Newsletter

INTERHYP-ZINSBERICHT VOM 7. FEBRUAR 2019

Interhyp-Zinsbericht

Von günstigen Zinsen profitieren – und jetzt für die Zukunft vorsorgen

  • Brexit, Konjunkturschwächen, Handelsstreit: Unsicherheiten halten Zinsen tief
  • EZB und Fed bei ersten Sitzungen eher verhalten
  • Solide finanzieren: Richtige Tilgung hängt auch vom Alter ab

Mirjam Mohr, Vorständin Privatkundengeschäft der Interhyp AG: "So unsicher das neue Jahr politisch und wirtschaftlich gestartet ist, so sicher scheint, dass die Immobilienfinanzierung dank niedriger Zinsen auch in 2019 für viele Menschen erschwinglich bleibt."

"Das Zinsjahr 2019 ist nahe historischer Tiefststände gestartet. Die Konditionen für zehnjährige Darlehen liegen in vielen Fällen unter 1,3 Prozent. Und fundamental wird sich das im Jahresverlauf aller Voraussicht nach nicht ändern. Das zeigt auch unsere Expertenumfrage: Waren im Dezember noch alle befragten Experten von leicht steigenden Zinsen im Jahresverlauf ausgegangen, so halten nun auch einige Analysten mittel- bis langfristig gleichbleibende Zinsen für realistisch - mit Blick auf politische und konjunkturelle Unsicherheiten. Während Sparer und Wirtschaftslenker den Zinsausblick überwiegend kritisch sehen dürften, bleiben Immobilieninteressenten mit Finanzierungsbedarf vorerst Profiteure der Situation - zumindest, wenn sie ein geeignetes Objekt finden und das Zinstief als Fundament einer soliden Finanzierung nutzen."

Zinstrend Februar 2019

"Damit es für Immobilienkäufer in Zeiten höherer Zinsen kein teures Erwachen gibt, gilt es, schon bei Abschluss der Finanzierung die Weichen für eine spätere Schuldenfreiheit zu stellen. Wichtig zu wissen: Je früher die Schuldenfreiheit erreicht werden soll, desto höher sollte die Tilgung sein.
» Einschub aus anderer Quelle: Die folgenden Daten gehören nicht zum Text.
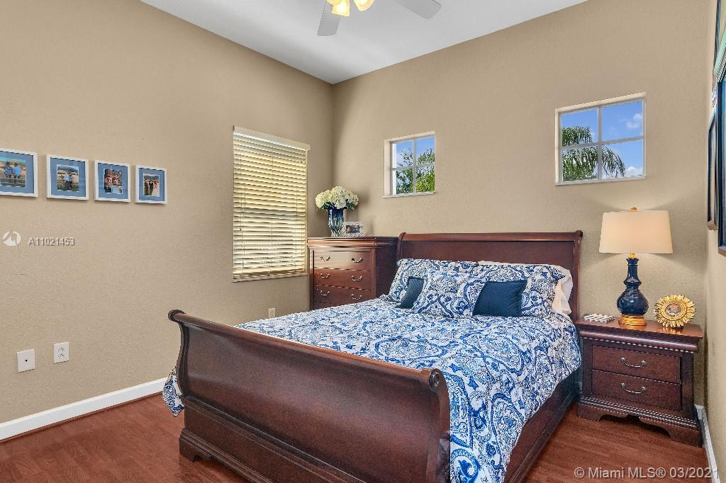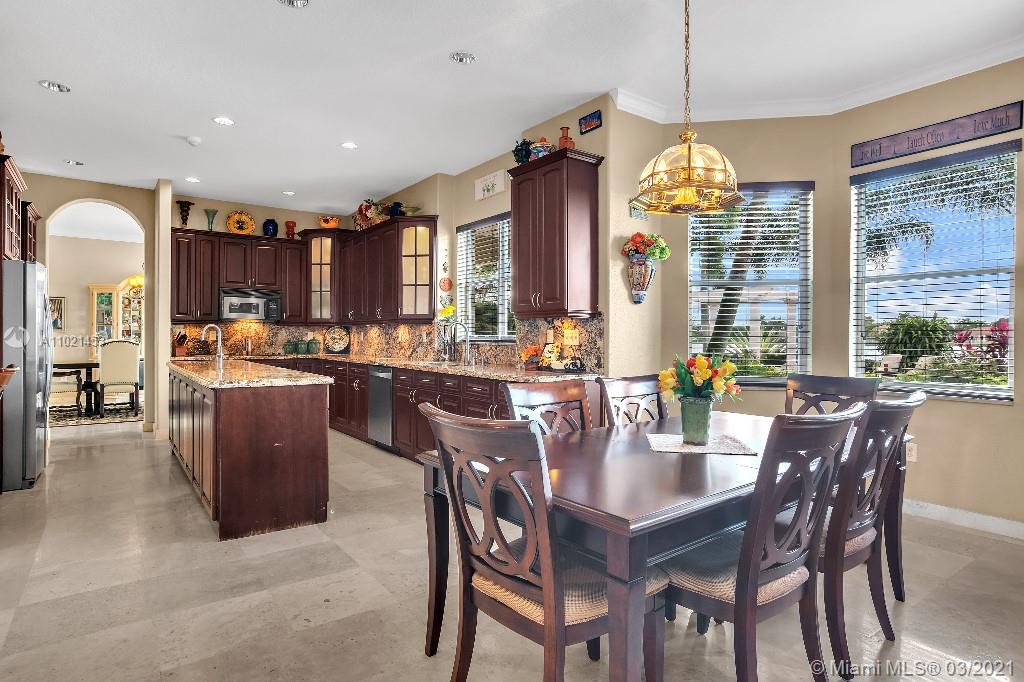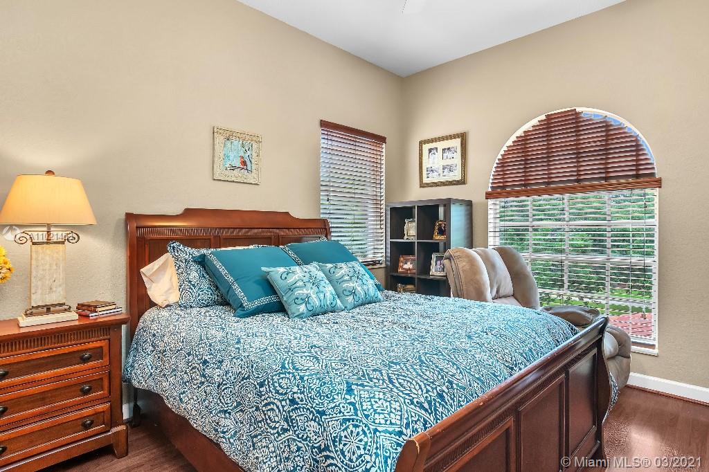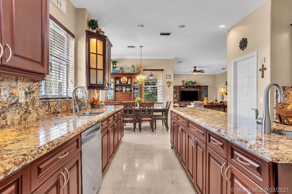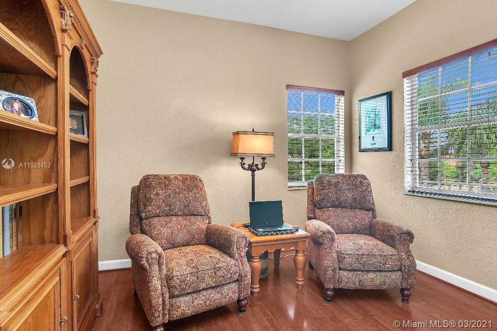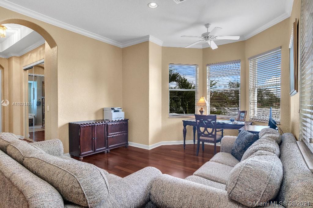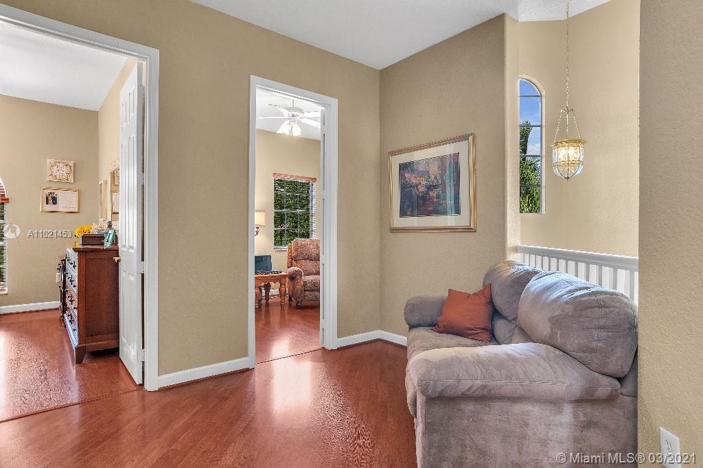 Location, Location, Location. Rare opportunity to own a lakefront home in the gated community of Highland Ranch Estates located in the greater Weston/Davie area. Entrance to the front door is through a gated courtyard with beautiful gardens and a wall fountain. This former model home has numerous upgrades that include marble and wood flooring, soaring cathedral ceilings and crown molding throughout the house. The home includes 4 bedrooms and an office/bedroom with a 3 garage for plenty of storage. The single car garage is a separate air-conditioned space with options to enter through the courtyard or double garage. It’s an ideal space for special storage or a home office. Home includes a large gourmet kitchen with wood cabinets, granite countertops and stainless-steel appliances.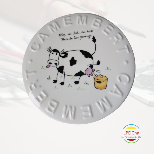 J19/16-25-12-11 - Boite à camembert en porcelaine blanche peinte à la main.

Wer seinen Kredit bis zum Renteneintritt abbezahlen will, sollte die Tilgung entsprechend anpassen, wie ein Rechenbeispiel zeigt. Während der junge Single im Alter von 25 Jahren ein 200.000-Euro Darlehen mit einer rund zweiprozentigen Tilgung und einer 535-Euro-Rate bis zum 65. Lebensjahr abbezahlen kann (bei gleichbleibenden Zinsen), muss ein 45-jähriger Anschlussfinanzierer mit etwa 4,4 Prozent tilgen und monatlich 947 Euro aufbringen, damit er bis zum 65. Lebensjahr schuldenfrei wäre."

Zins- und Marktumfeld

Zwar hat die Europäische Zentralbank (EZB) in 2018 versucht, eine Normalisierung der Geldpolitik in die Wege zu leiten. Die erste Notenbanksitzung im Januar offenbarte jedoch, dass die in 2019 angepeilte Zinswende auf 2020 verschoben werden könnte. Auch die US-Notenbank äußerte sich bei der letzten Sitzung deutlich vorsichtiger als noch im letzten Jahr und signalisiert eine Zinspause.

Die wirtschaftlichen Folgen eines möglichen Brexits werden als weiterhin gravierend eingestuft, und die Wirtschaft in der Eurozone stagniert im Januar nahezu. Die USA leiden unter den Nachwehen des Shutdowns ebenso wie unter dem Handelsstreit mit China. In Frankreich ist eine Verlangsamung des Wirtschaftswachstums durch die Gelbwestenproteste möglich. In Italien bleibt die Bankenlandschaft instabil. Die Situation in Venezuela trägt nicht zum Optimismus bei.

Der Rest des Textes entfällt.